Work to complete:
What is wanted is every line below from the one with "Artist Drake Arnold" up to and including the one with "5-zits woonkamerbank volledig", retyped exactly, pictures excluded, nothing else.

Dataset excerpts:
--- START ---

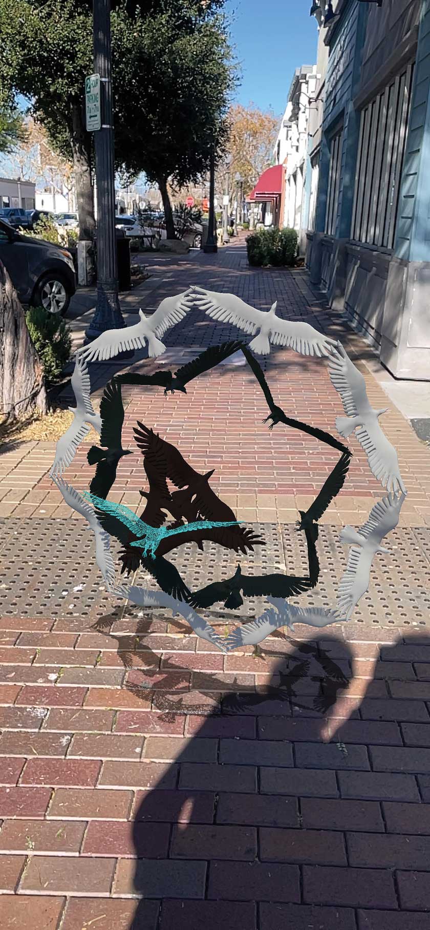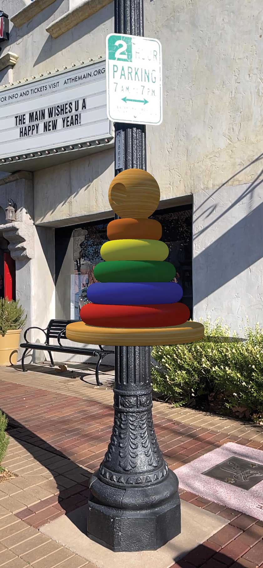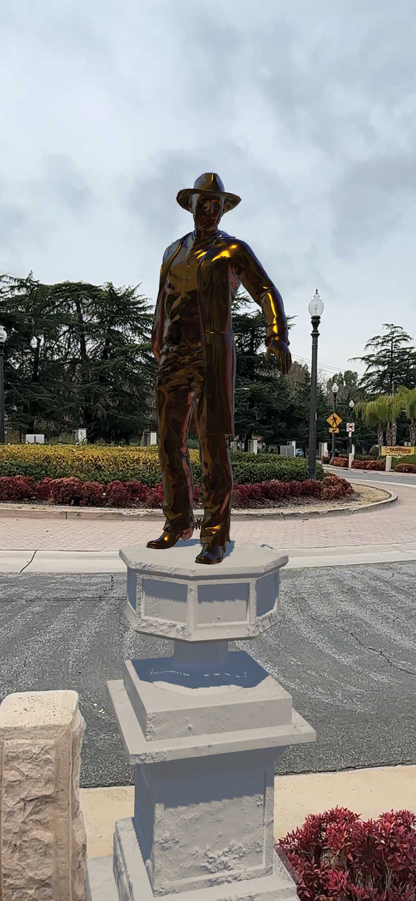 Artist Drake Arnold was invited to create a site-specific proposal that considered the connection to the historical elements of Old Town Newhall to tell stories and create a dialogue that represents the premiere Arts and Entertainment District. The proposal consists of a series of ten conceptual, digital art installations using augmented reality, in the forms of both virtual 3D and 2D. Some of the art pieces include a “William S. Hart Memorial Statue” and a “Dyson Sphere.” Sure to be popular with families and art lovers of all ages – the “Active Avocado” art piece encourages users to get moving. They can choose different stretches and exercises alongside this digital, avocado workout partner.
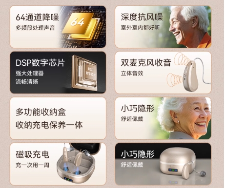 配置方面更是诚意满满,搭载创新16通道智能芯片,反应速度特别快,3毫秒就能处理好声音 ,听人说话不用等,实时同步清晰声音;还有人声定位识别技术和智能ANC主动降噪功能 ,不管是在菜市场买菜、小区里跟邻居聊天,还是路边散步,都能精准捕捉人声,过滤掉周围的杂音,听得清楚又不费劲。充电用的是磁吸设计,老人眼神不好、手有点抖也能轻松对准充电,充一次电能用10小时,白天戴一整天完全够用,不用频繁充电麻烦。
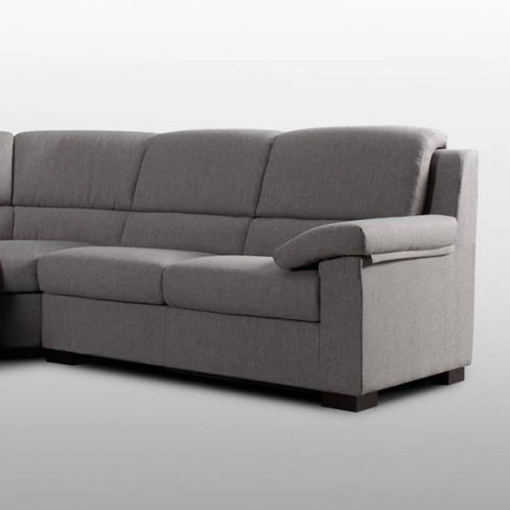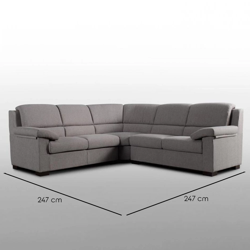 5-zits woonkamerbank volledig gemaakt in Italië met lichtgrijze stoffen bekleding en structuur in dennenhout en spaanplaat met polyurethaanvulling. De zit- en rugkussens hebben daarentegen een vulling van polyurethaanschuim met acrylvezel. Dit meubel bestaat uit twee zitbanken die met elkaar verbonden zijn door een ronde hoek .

--- END ---
--- START ---

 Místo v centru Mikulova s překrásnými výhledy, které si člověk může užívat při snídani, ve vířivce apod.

--- END ---

Solution:
 Artist Drake Arnold was invited to create a site-specific proposal that considered the connection to the historical elements of Old Town Newhall to tell stories and create a dialogue that represents the premiere Arts and Entertainment District. The proposal consists of a series of ten conceptual, digital art installations using augmented reality, in the forms of both virtual 3D and 2D. Some of the art pieces include a “William S. Hart Memorial Statue” and a “Dyson Sphere.” Sure to be popular with families and art lovers of all ages – the “Active Avocado” art piece encourages users to get moving. They can choose different stretches and exercises alongside this digital, avocado workout partner.
 配置方面更是诚意满满,搭载创新16通道智能芯片,反应速度特别快,3毫秒就能处理好声音 ,听人说话不用等,实时同步清晰声音;还有人声定位识别技术和智能ANC主动降噪功能 ,不管是在菜市场买菜、小区里跟邻居聊天,还是路边散步,都能精准捕捉人声,过滤掉周围的杂音,听得清楚又不费劲。充电用的是磁吸设计,老人眼神不好、手有点抖也能轻松对准充电,充一次电能用10小时,白天戴一整天完全够用,不用频繁充电麻烦。
 5-zits woonkamerbank volledig gemaakt in Italië met lichtgrijze stoffen bekleding en structuur in dennenhout en spaanplaat met polyurethaanvulling. De zit- en rugkussens hebben daarentegen een vulling van polyurethaanschuim met acrylvezel. Dit meubel bestaat uit twee zitbanken die met elkaar verbonden zijn door een ronde hoek .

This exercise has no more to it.